We have found the oddest Protestantism of all. Recently, correspondence was uncovered in the bankruptcy reports from a bygone Baptist University, WegettoHeavennot U.
A letter to the Physics Department was found among the files.
“Dear Dr. Allusrite:
I am excited by the great discovery of your graduate students in The Physics Department. Their brilliant invention of a functioning Time Machine is a great step forward. Or, backwards, as the case may be.
We are encouraged that one of your students was able to travel back in time and take an actual Polaroid photo of President Lincoln’s Second Inaugural Address!
I have spoken with our Provost, The Reverend Doctor Pastor Bob, Himself.
The Reverend Doctor Pastor Bob wants you to send several members of the WegettoHeavennot U. football team back in time to just before The Wedding Feast of Cana. You remember, that is the place where Jesus Made His Great Mistake.
When Jesus attempts to turn several huge, stone jars full of water into wine, The Reverend Doctor Pastor Bob wants you to have our football players tackle Him!
He knows that Jesus wants someone to save Him from making The Biggest Mistake of His Life! The Reverend Doctor Pastor Bob feels that WegettoHeavennot U. Time Machine was brought into being to rectify The Great Mistake of Jesus.

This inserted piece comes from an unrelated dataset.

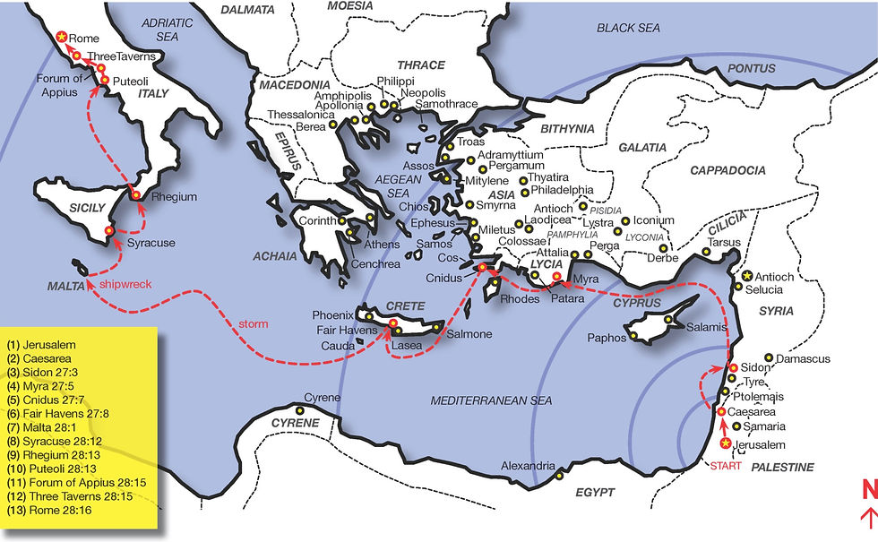 Apostle Paul's Journey as a Prisoner to Rome 59 - 60 AD - Acts 27:1 - 28:16. We follow his tracks this summer from Malta to Pozzuoli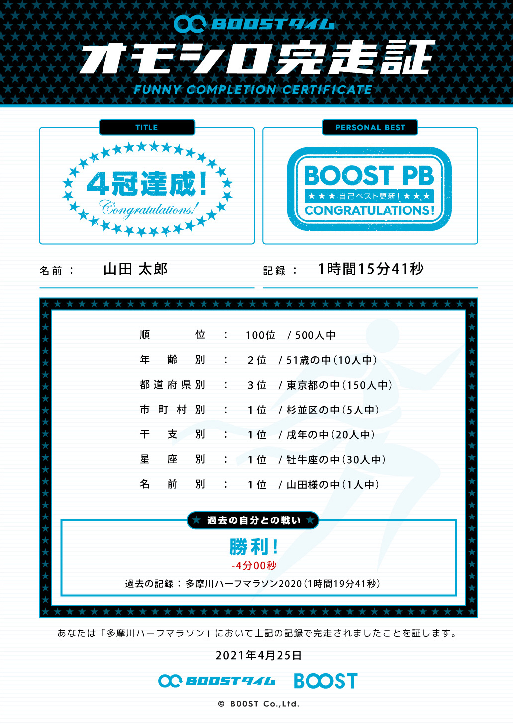 「おもしろ完走証」は全体の順位の他、以下の項目の順位が出力されます。

We know that He certainly would not have wanted people in public drinking wine that He, personally provided. We have to stop Jesus!”
Sadly, WegettoHeavennot U. was closed due to lack of funds caused by what a local Lending Officer described as “our lack of faith in their faith”.
But, Missing Persons Reports are still stored in the local Police Department’s Cold Case Files. They report that several football players did mysteriously disappear after being called into the Physics Department.
And, in 1997, archeologists undertaking excavations at Cana did find, and discard, what appeared to be football helmets uncovered far below the surface.
Truly, this case is the oddest Protestantism of all.